Let condition (2') be that every pair of rows is $i$-interlacing for some $i\in \{0,1,2\}$.

Note that every matrix that satisfies conditions (1), (2), (3), (4) can be broken up into the concatenation of a matrix $M^1$ that satisfies conditions (1), (2'), (4), a row $r^2$ that when paired with some row of $M^1$ is 3-interleaving, and a matrix $M^3$ that satisfies conditions (1), (2'), (4). So, we will enumerate all $M^1,r^2,M^3$ and look at their combinations.
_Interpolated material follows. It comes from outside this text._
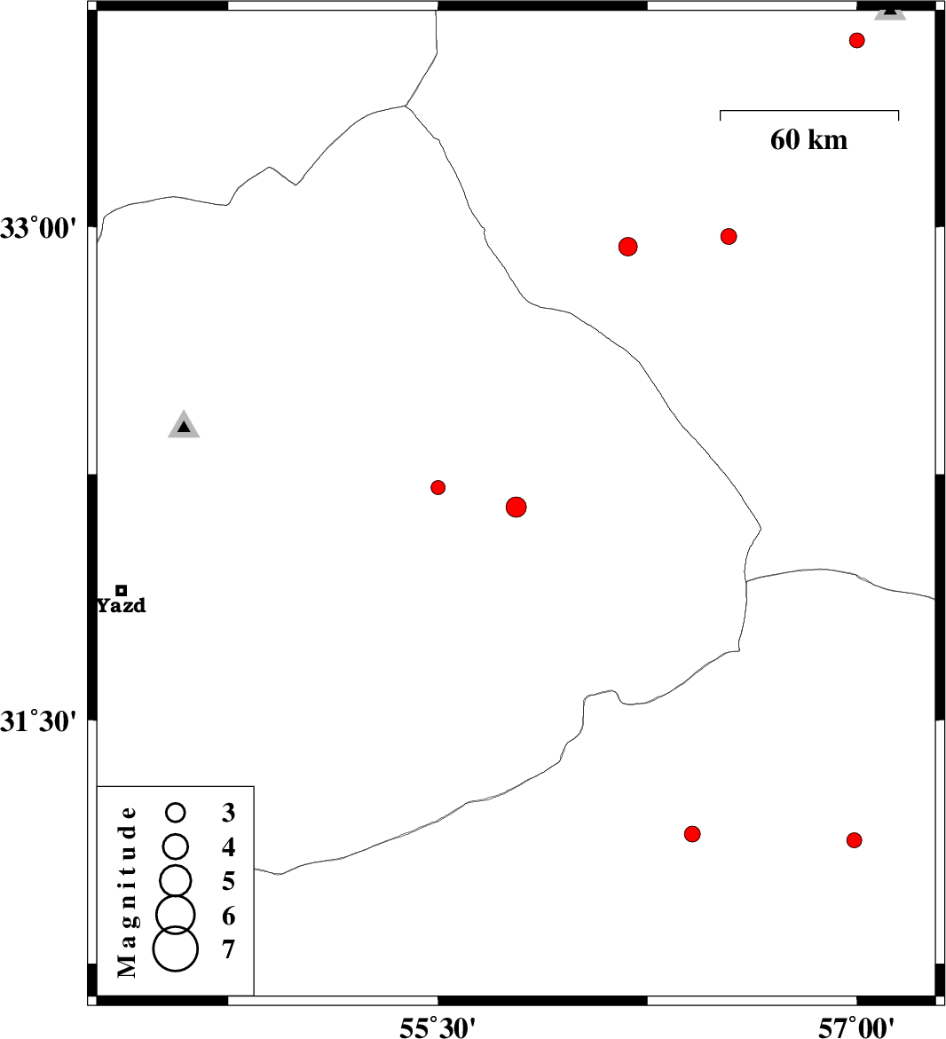 2014/06/09 | 23:00:31.4 | 03:30:31.4 | 32.94 | 56.18 | 37 | ML:3 | Yazd Province, 101 km South-West of Tabas |

We'll do it in a smart way that ensures that their concatenation satisfies conditions (4), (5).

Write $r\prec r'$ if row $r$ can precede row $r'$ in a canonical matrix, i.e., $r_0<r'_1$ and $r_1<r'_2$. Write $q(x) = \sum_{i=1}^9 x_i^2 - 1/9 (\sum_{i=1}^9 x_i)^2$.
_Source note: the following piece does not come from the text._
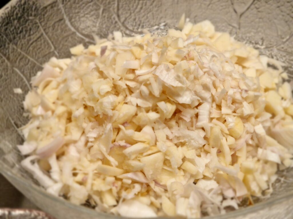 - 4 Zwiebeln, gehackt

By induction, assume we have a data structure that lists all $m' \times 3$ matrices that satisfy conditions (1), (2'), (4), for all $m'<m$. Arrange the data structure as a hashtable of lists, keyed on the value of $(m',x(M),M_m')$, where $M_m'$ denotes the last row of the matrix; looking $(m',x,r)$ up in the hashtable returns a list of all $m'\times 3$ matrices $M$ such that $x(M)=x$, $M_m'=r$, and $M$ satisfies conditions (1), (2'), (4).

Similarly, assume we have a data structure that lists all $m'\times 3$ matrices that satisfy conditions (1), (2'), (4), for all $m'<m$, keyed on the value of $(m',x(M),M_1)$, where $M_1$ denotes the first row of the matrix.

Now, enumerate all $m^1,x^1,r^1,r^2,m^3,x^3,r^3$ such that $m^1,x^1,r^1$ that is a valid key of the first hashtable, $r^1 \prec r^2 \prec r^3$, $m^3,x^3,r^3$ is a valid key of the second hashtable, $m^1+1+m^3=m$, and $q(x^1+x(r^2)+x^3)=2$. Then every way of pairing a matrix $M^1$ from the first hashtable (keyed on $(m^1,x^1,r^1)$), the row $r^2$, and a matrix $M^3$ from the second hashtable (keyed on $(m^3,x^3,r^3)$) will yield a matrix $M$ (obtained by concatenating $M^1,r^2,M^3$) that satisfies conditions (1)-(5).

To do this enumeration, I suggest you first guess $r^1,r^2,r^3$ such that $r^1\prec r^2 \prec r^3$, then guess $m^1,m^3$ such that $m^1+1+m^3=m$, then enumerate all $x^1$ such that $m^1,x^1,r^1$ appears as a key of the hashtable, then enumerate all $x^3$ such that $q(x^1+x(r^3)+x^3)=2$ and check whether $m^3,x^3,r^3$ is a key in the hashtable. However you can also try other orders of enumeration.

Also, enumerate all $m^1,x^1,r^1,m^3,x^3,r^3$ such that $m^1,x^1,r^1$ that is a valid key of the first hashtable, $r_1 \prec r^3$, $m^3,x^3,r^3$ is a valid key of the second hashtable, and $m^1+m^3=m$; this gives a $m\times 3$ matrix (obtained by a concatenating $M^1$ and $M^3$) that satisfies conditions (1), (2'), (4). This lets you build up the data structure inductively for $m$ from the data structures for $1,\dots,m-1$.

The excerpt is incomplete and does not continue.